- _GIVEN DATA_

========================================

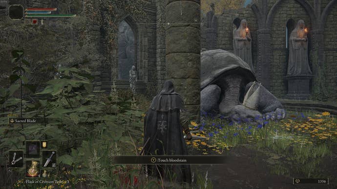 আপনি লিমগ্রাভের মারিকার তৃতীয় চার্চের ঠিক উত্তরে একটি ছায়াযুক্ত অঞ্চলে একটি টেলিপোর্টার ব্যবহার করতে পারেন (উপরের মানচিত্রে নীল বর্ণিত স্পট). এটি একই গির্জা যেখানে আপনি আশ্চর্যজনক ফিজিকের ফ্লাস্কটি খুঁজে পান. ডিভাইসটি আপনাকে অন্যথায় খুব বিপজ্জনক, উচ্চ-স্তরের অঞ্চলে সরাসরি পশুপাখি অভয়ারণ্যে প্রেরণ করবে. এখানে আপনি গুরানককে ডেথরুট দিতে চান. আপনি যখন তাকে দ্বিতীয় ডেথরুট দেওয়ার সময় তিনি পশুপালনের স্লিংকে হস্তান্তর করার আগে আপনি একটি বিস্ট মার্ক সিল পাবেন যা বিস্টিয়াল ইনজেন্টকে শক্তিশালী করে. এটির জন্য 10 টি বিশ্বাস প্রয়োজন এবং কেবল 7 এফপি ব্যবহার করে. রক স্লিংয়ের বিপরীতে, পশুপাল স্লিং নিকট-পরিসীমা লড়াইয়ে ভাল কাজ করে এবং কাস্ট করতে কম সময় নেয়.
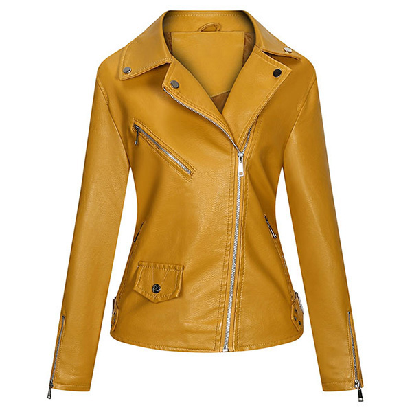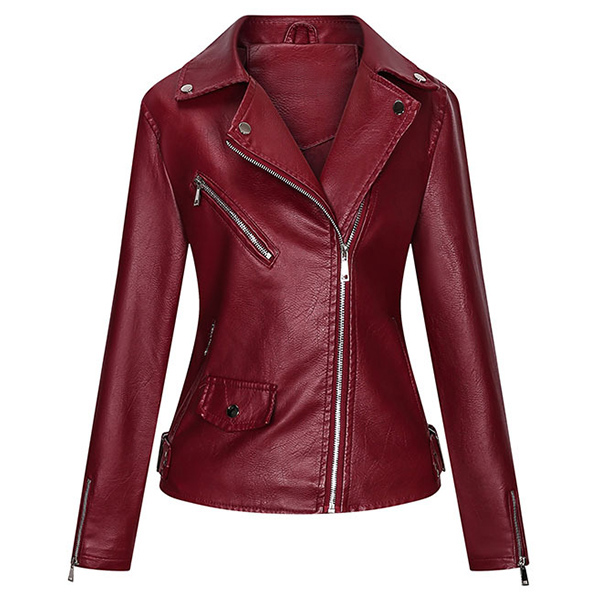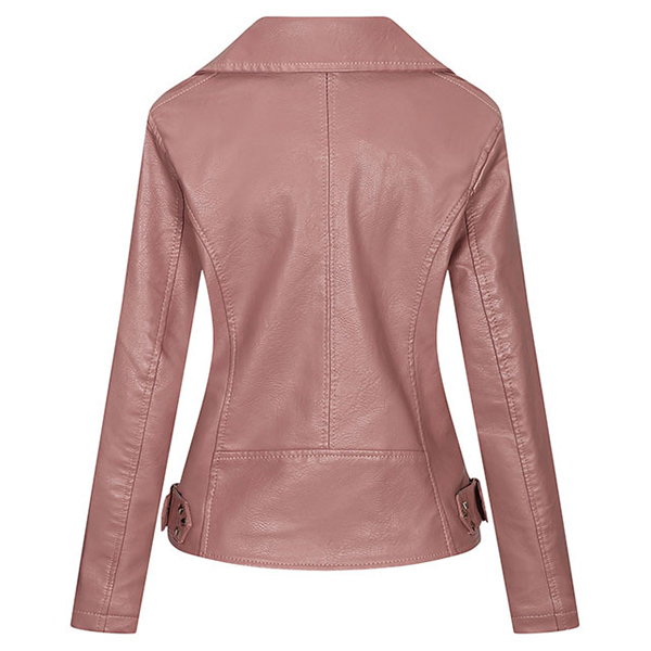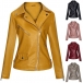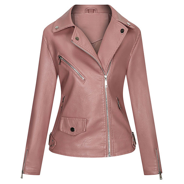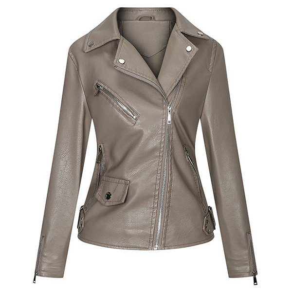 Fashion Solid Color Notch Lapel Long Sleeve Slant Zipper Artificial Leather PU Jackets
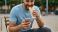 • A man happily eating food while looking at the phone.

========================================

- _PROBLEM_
Set down the material above exactly as it reads, but not its pictures.

- _YOUR RESPONSE_
 আপনি লিমগ্রাভের মারিকার তৃতীয় চার্চের ঠিক উত্তরে একটি ছায়াযুক্ত অঞ্চলে একটি টেলিপোর্টার ব্যবহার করতে পারেন (উপরের মানচিত্রে নীল বর্ণিত স্পট). এটি একই গির্জা যেখানে আপনি আশ্চর্যজনক ফিজিকের ফ্লাস্কটি খুঁজে পান. ডিভাইসটি আপনাকে অন্যথায় খুব বিপজ্জনক, উচ্চ-স্তরের অঞ্চলে সরাসরি পশুপাখি অভয়ারণ্যে প্রেরণ করবে. এখানে আপনি গুরানককে ডেথরুট দিতে চান. আপনি যখন তাকে দ্বিতীয় ডেথরুট দেওয়ার সময় তিনি পশুপালনের স্লিংকে হস্তান্তর করার আগে আপনি একটি বিস্ট মার্ক সিল পাবেন যা বিস্টিয়াল ইনজেন্টকে শক্তিশালী করে. এটির জন্য 10 টি বিশ্বাস প্রয়োজন এবং কেবল 7 এফপি ব্যবহার করে. রক স্লিংয়ের বিপরীতে, পশুপাল স্লিং নিকট-পরিসীমা লড়াইয়ে ভাল কাজ করে এবং কাস্ট করতে কম সময় নেয়.
 Fashion Solid Color Notch Lapel Long Sleeve Slant Zipper Artificial Leather PU Jackets
 • A man happily eating food while looking at the phone.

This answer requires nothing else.